Residual strength degradation and fatigue behaviour of composite laminates are of vital importance to the damage tolerance design of structures. Cyclic loading causes adverse effects and leads to accumulated damage and degradation of residual strength in composite laminates. Predicting the residual strength of composite structures for both monotonic and fatigue loading has several advantages in the design of critical load bearing structures and components.
The aims of the research are to develop efficient and accurate computational and experimental methodologies for characterising hybrid, multifunctional braided and fibre metal laminate composites for aerospace components. This includes damage type, location, mechanisms under complex monotonic and fatigue (cyclic) loading and assessing their effects on the residual strength degradation and consequent fatigue life. Using this information, a parametric study will be conducted with different composite material parameters (thickness, lay-up, and types of fibre and matrix) in order to develop optimised FML composites with high durability and fatigue life.

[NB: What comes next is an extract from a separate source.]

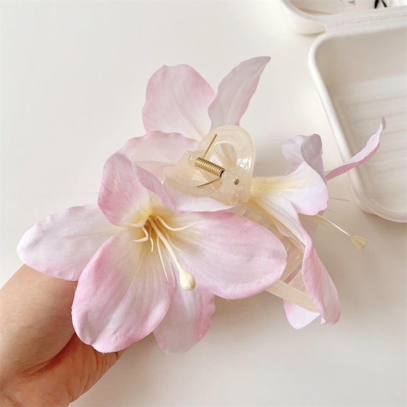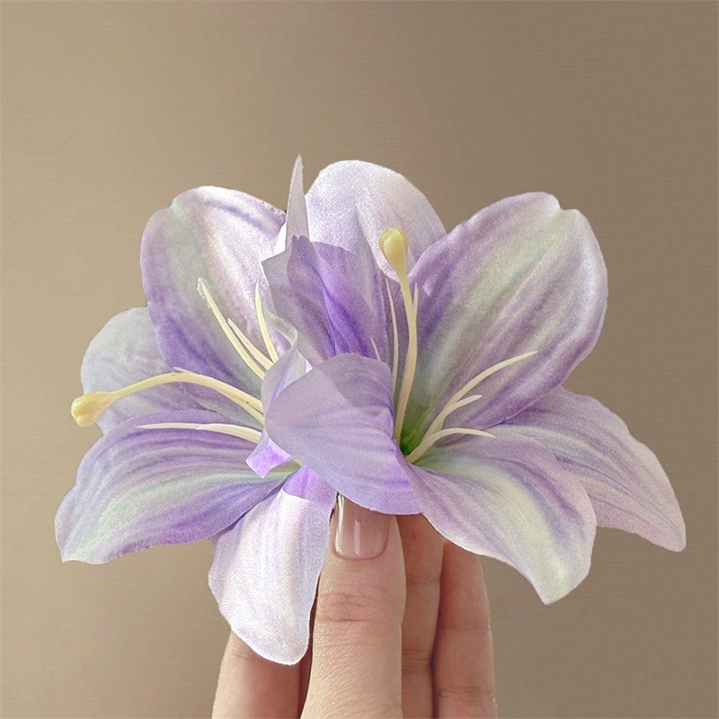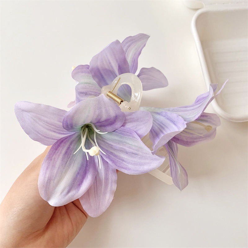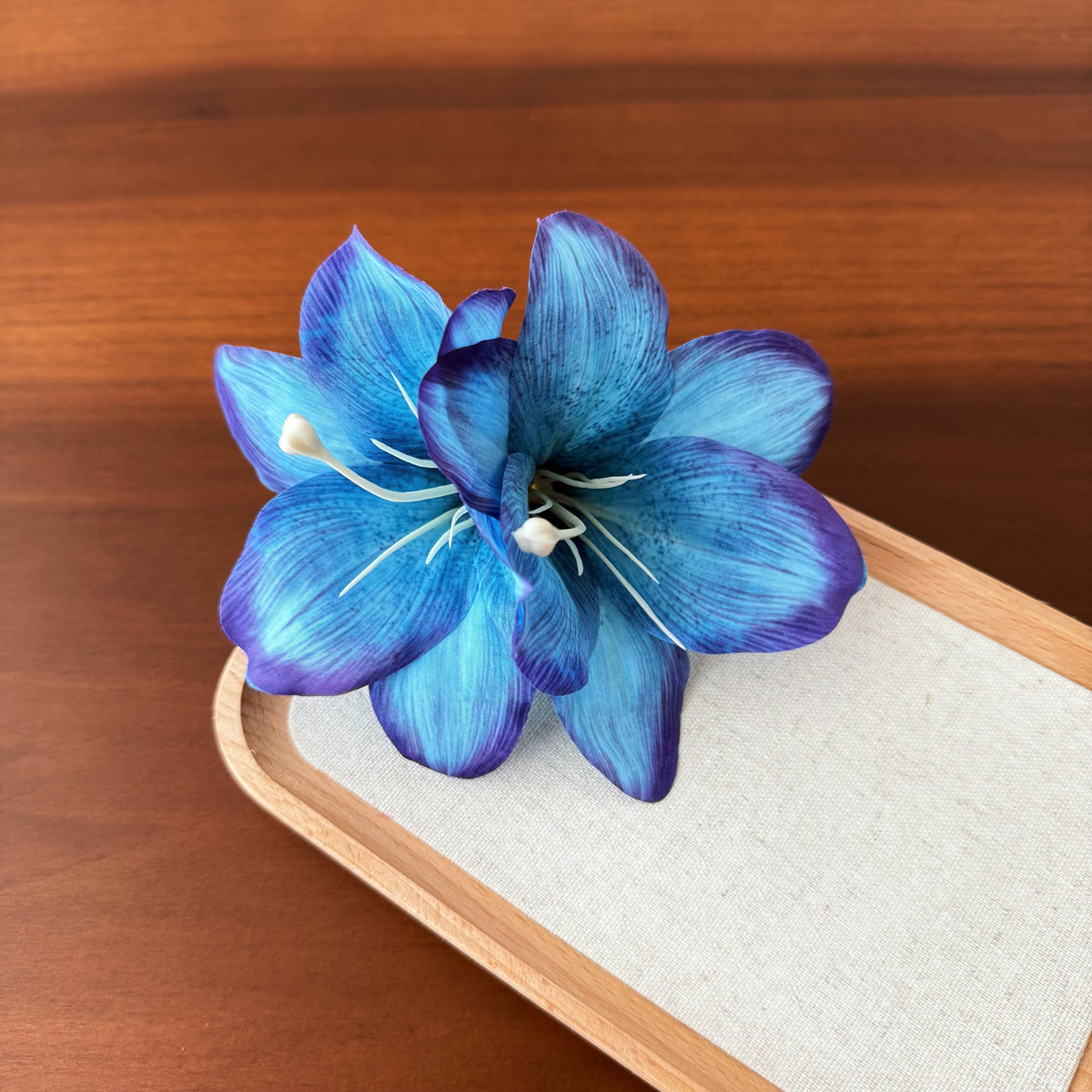 고급스러운 블루 릴리 꽃 집게, 슈퍼 요정의 아름다운 머리핀, 대형 상어 집게, 분위기 있는 머리 집게, 사진 촬영용 헤어 액세서리

The expected outcomes of this research will be well-validated computational analysis methods to predict failure mode, and quantify defect and damage produced in fibre metal laminate composites. The models can be used to predict residual strength and estimate fatigue life of composite structures under monotonic and cyclic loading conditions. The modelling and optimisation tools will then be used in developing high strength composites with high durability and longer service life for critical aerospace components.
The project provides opportunities to collaborate with aircraft industries and research institutes in Europe and Australia. Knowledge and background in solid mechanics and Finite element analysis will be beneficial to undertake this project.